Os mitos apocalípticos

Os mitos apocalípticos falam do fim do mundo e da trajetória humana.

Dilúvios, epidemias, o anticristo são meios para o fim.

Mas eis que o fim é somente recomeço!

Os mitos apocalípticos

Os mitos apocalípticos


Os mitos apocalípticos relatam o fim do universo e a aniquilação do ser humano.

Estes mitos contam a história do fim do mundo, mas, geralmente, tem em seu enredo a sobrevivência de um casal ou de alguns poucos sobreviventes que iniciarão um novo mundo.

Sendo assim, os mitos apocalípticos acabam por ser não uma história literal do fim de tudo, e sim a história de um recomeço.

As histórias de dilúvios são constantemente utilizadas e são universalmente conhecidas.

Muitas destas histórias proclamam o fim do mundo através do fogo, da água, de epidemias ou do surgimento de um poder ou de um poderoso ente destruidor.

Os mitos apocalípticos

Algumas vezes o fim de tudo acontece pela ira do deus criador ocorrida por sua insatisfação com a raça humana.

O fato é que estes mitos abrem caminho para a renovação dos mitos cosmogônicos e é a passagem necessária para a recriação do mundo e a regeneração da humanidade.

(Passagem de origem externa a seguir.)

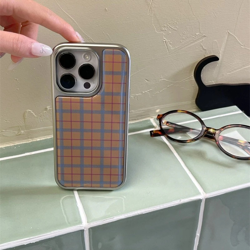 • 전기도금 은색 큰 구멍 투인원 투명 하이드로겔 쉘 [빨간색, 파란색, 갈색 격자 무늬]

Acabam por ser não o fim de tudo, mas o fim de um ciclo.

Os mitos apocalípticos estabelecem uma ponte entre um passado que não serve mais para um futuro promissor.

Os mitos do fim do mundo são presentes em diversas culturas e épocas e aparecem também de forma recorrente nas religiões e ressaltando que o que hoje é tido como mitológico no ontem era religioso.

São exemplos:

  • O fim do mundo para os vedas é pralaya
  • Na mitologia germânica é ragnarok
  • Para os cristãos é o apocalipse

Um enredo bastante utilizado é o de um fim catastrófico seguido de uma recriação gloriosa do mundo.

Por vezes há a ira do Criador diante da raça humana e há também a chegada de anti-herói ou poder destruidor, como o anticristo, por exemplo, que reina por um período apocalíptico e ao ser vencido é restaurada a beatitude da criação original.